Exercise input Start Marker
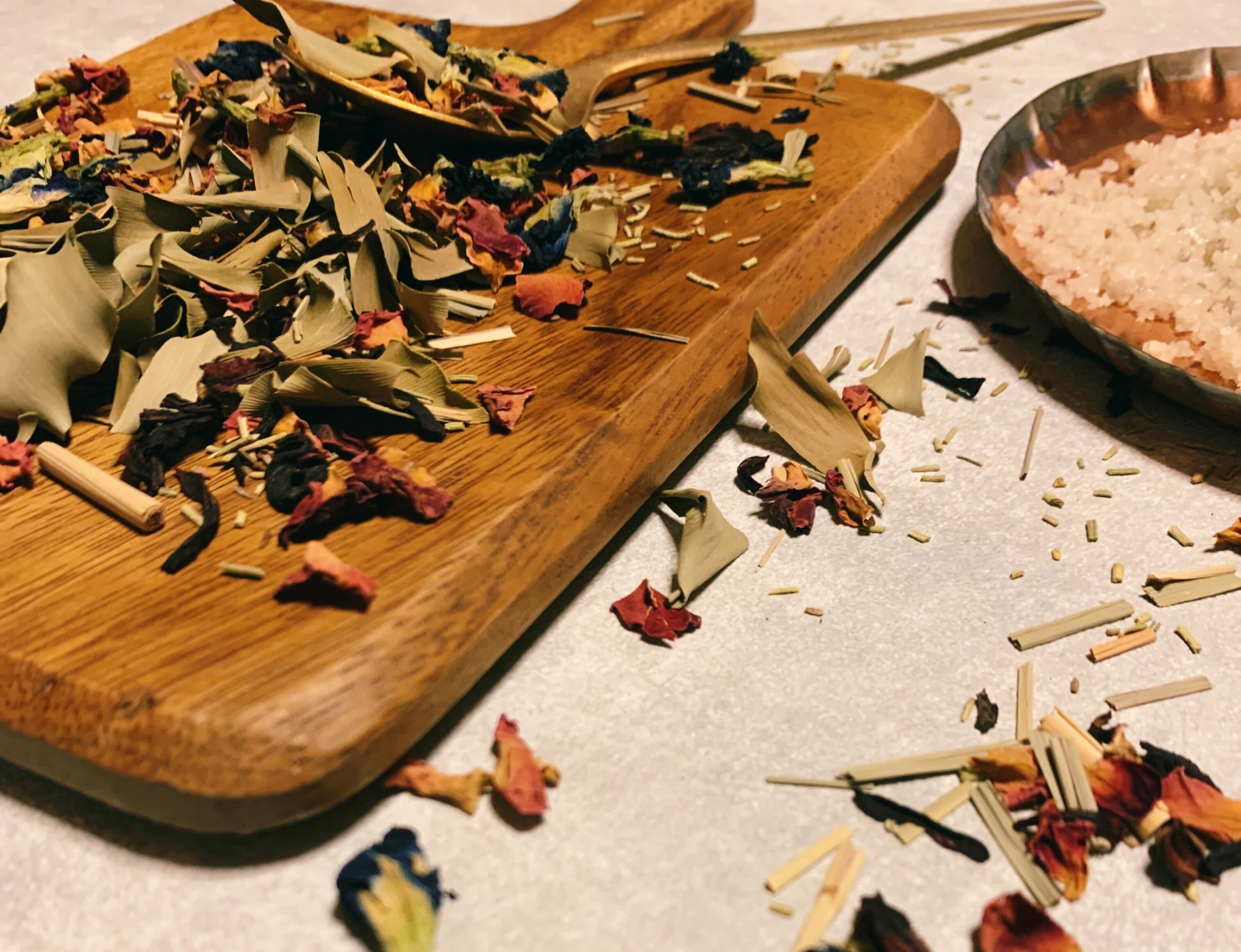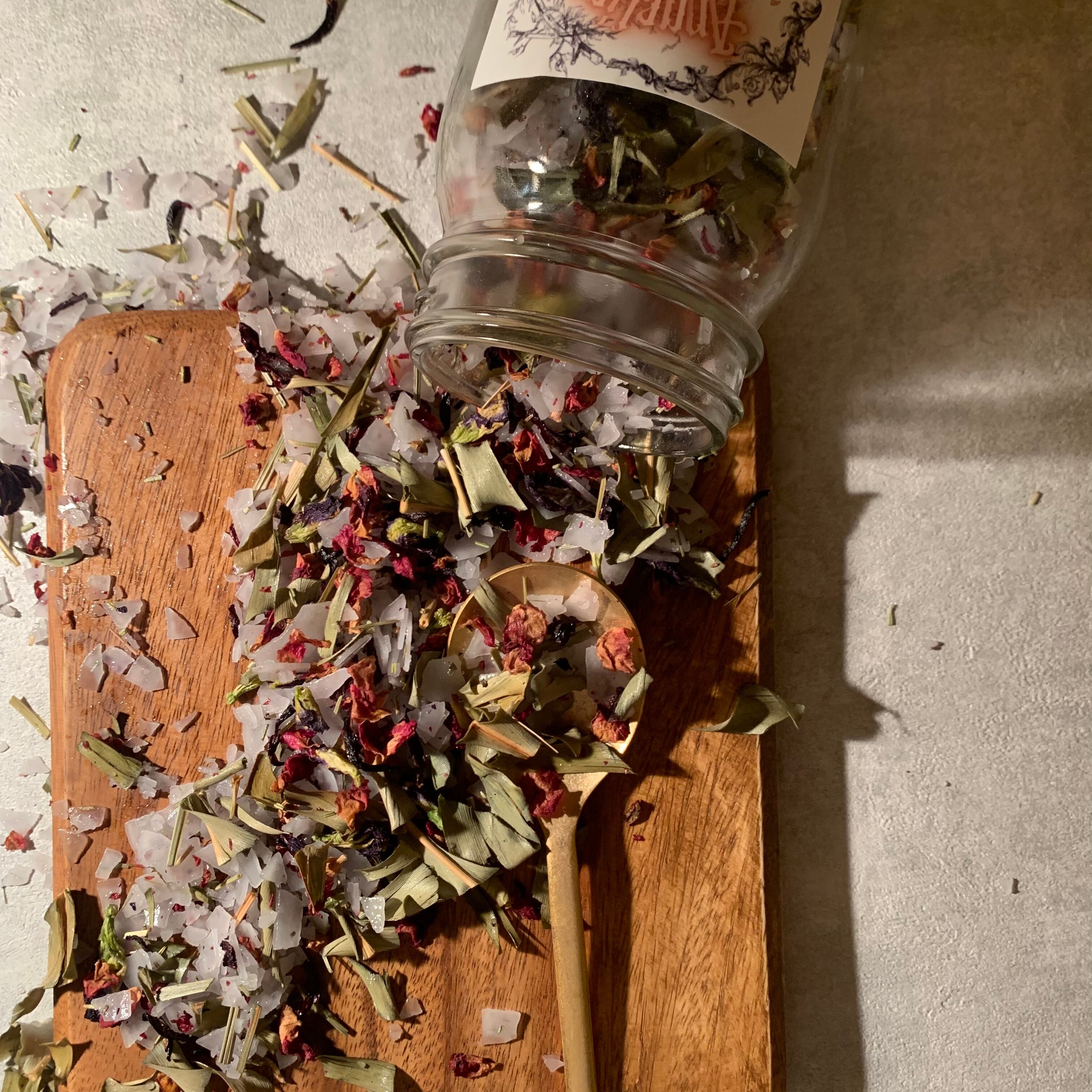 ハーブソルトをバスタブに入れて、芳香浴をお楽しみください。
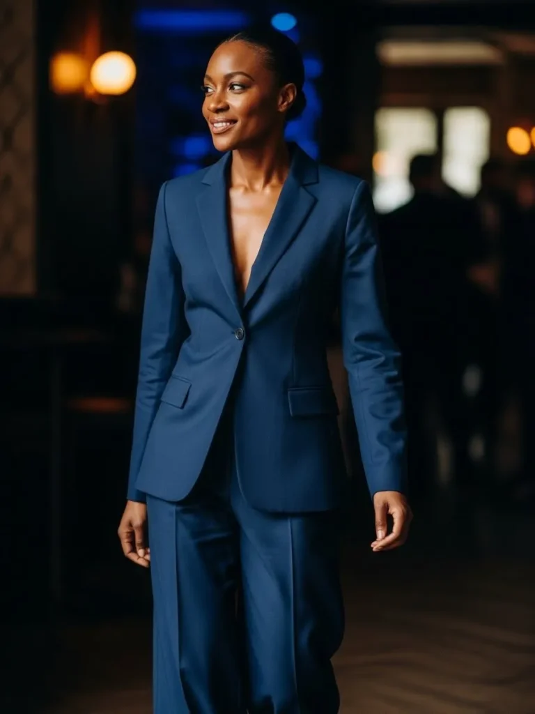 This outfit features a deep blue tailored suit styled with a low neckline for a modern club ready twist. The sharp lines and smooth fabric create a strong silhouette that feels both sexy and sophisticated.
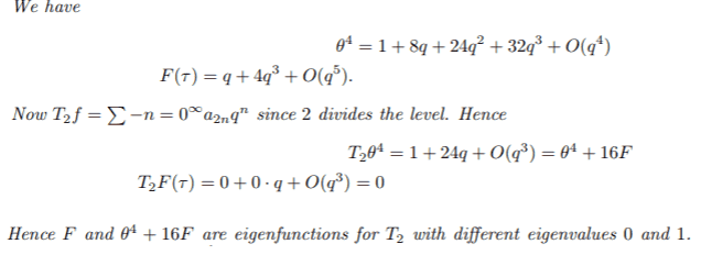 Consider the action of ##T_2## acting on ##M_k(\Gamma_{0}(N)) ##, and show that ##\theta^4(n)+16F ## and ##F(t)## are both eigenfunctions.
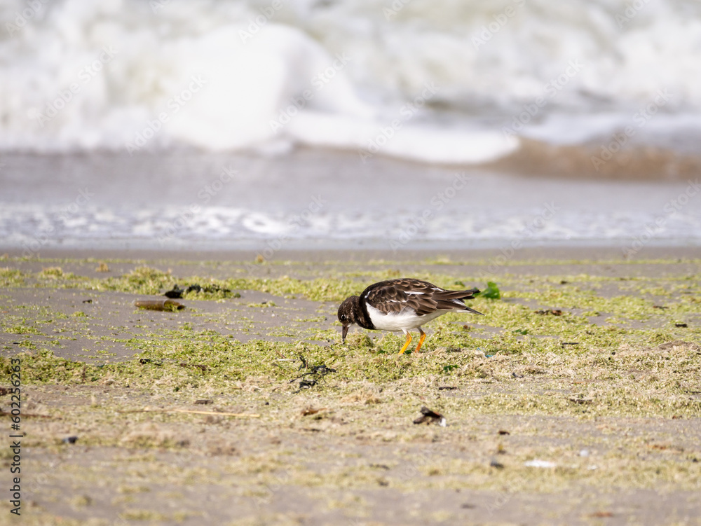 Ruddy turnstone, Arenaria interpres, adult in non breeding plumage checking seaweed on beach of Scheveningen, Netherlands
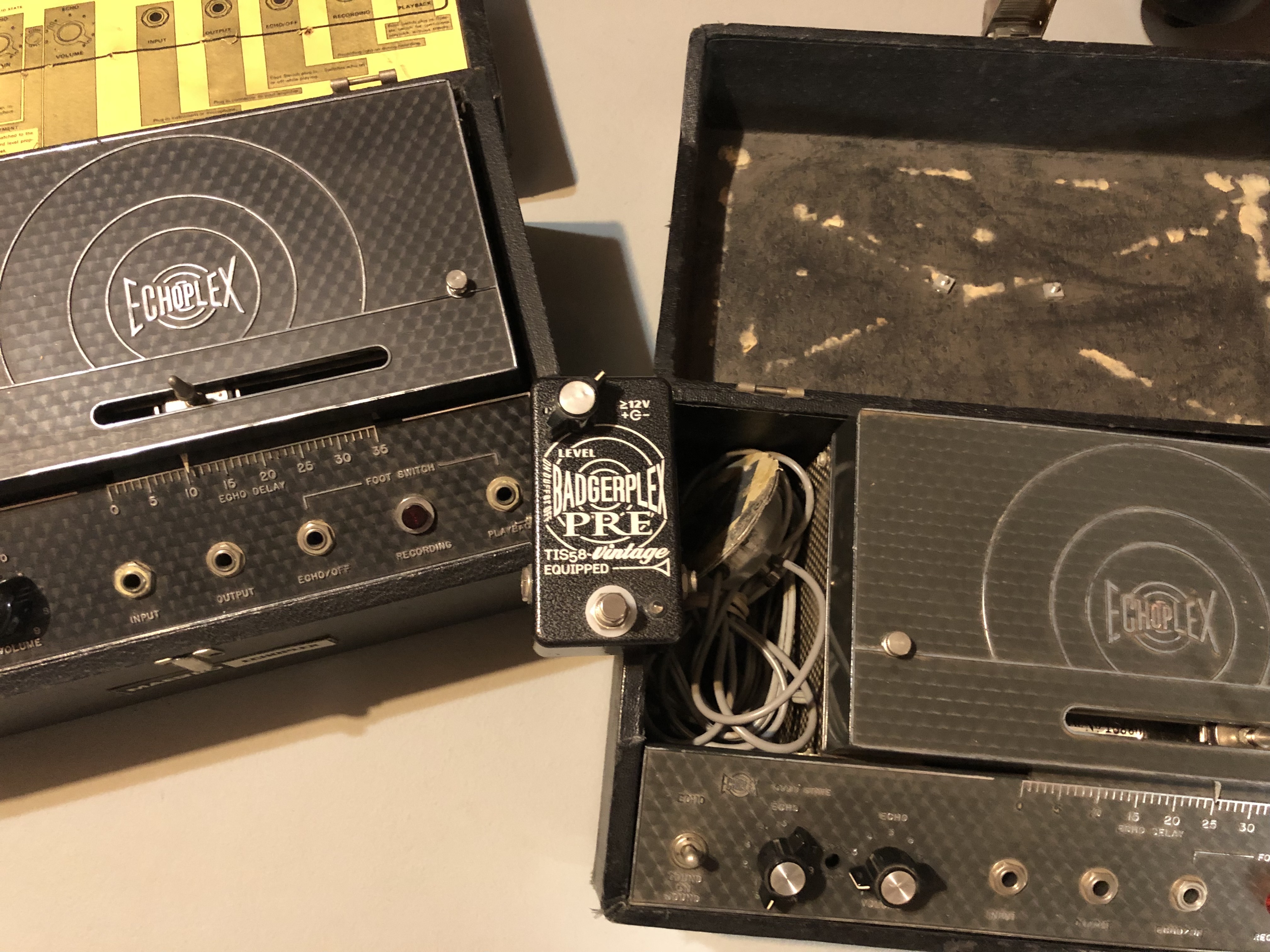 yo bro bro-i had the earlier badgerplex which was cool but it did not do it for me. i remember you posting about this one and wished i had scored this version!Again, I’ve tried them all, both versions of a Chase tone, MXR, Xotic, Clinch, etc. The Badgerplex sounded 99.9% like my EP3 units. It adds a little bit of gain like the echoplex but the biggest thing that set it apart from every other unit on the market was compression. All of those other units, except for the Badgerplex didn’t have the compression of a real echoplex. I did extensive testing as I wanted something to be as close to my original units as possible so I could save wear and tear. Badgerplex was the best. I got mine in 2012 and Robert from Badgerplex updated mine for free and included a few different TIS 58 transistors to tone sculpt a little. The Korean TIS 58 was the winner. A friend even changed his transistor after hearing mine. ?
Exercise input End Marker
__What to produce__:
Every line from the top of the material above through the line with "Ruddy turnstone, Arenaria" should be duplicated exactly, please; leave out the pictures.

__Exercise response__:
 ハーブソルトをバスタブに入れて、芳香浴をお楽しみください。
 This outfit features a deep blue tailored suit styled with a low neckline for a modern club ready twist. The sharp lines and smooth fabric create a strong silhouette that feels both sexy and sophisticated.
 Consider the action of ##T_2## acting on ##M_k(\Gamma_{0}(N)) ##, and show that ##\theta^4(n)+16F ## and ##F(t)## are both eigenfunctions.
 Ruddy turnstone, Arenaria interpres, adult in non breeding plumage checking seaweed on beach of Scheveningen, Netherlands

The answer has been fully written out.